═══ Task input

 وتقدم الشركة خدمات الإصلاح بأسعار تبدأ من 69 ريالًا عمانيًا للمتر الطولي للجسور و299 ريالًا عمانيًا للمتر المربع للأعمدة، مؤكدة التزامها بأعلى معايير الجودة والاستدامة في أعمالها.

══════
═══ Task input

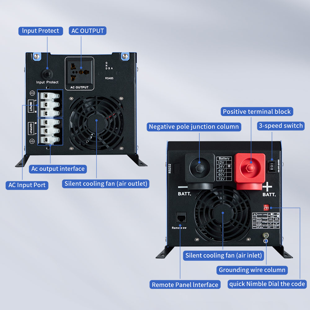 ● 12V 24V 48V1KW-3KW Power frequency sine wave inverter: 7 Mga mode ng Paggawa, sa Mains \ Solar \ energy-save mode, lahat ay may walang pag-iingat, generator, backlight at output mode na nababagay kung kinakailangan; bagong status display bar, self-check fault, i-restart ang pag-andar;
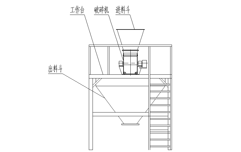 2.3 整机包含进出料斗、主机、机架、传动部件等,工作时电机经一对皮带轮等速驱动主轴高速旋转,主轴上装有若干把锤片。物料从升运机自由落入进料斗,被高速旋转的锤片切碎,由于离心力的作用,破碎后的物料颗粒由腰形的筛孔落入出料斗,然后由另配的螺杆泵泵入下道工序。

══════

**What to do:** In the listing above, find the line containing "i-restart ang pag-andar;" and the line containing "2.3 整机包含进出料斗、主", then output those two lines and everything between them exactly as written, without the images.

**Response:**
 ● 12V 24V 48V1KW-3KW Power frequency sine wave inverter: 7 Mga mode ng Paggawa, sa Mains \ Solar \ energy-save mode, lahat ay may walang pag-iingat, generator, backlight at output mode na nababagay kung kinakailangan; bagong status display bar, self-check fault, i-restart ang pag-andar;
 2.3 整机包含进出料斗、主机、机架、传动部件等,工作时电机经一对皮带轮等速驱动主轴高速旋转,主轴上装有若干把锤片。物料从升运机自由落入进料斗,被高速旋转的锤片切碎,由于离心力的作用,破碎后的物料颗粒由腰形的筛孔落入出料斗,然后由另配的螺杆泵泵入下道工序。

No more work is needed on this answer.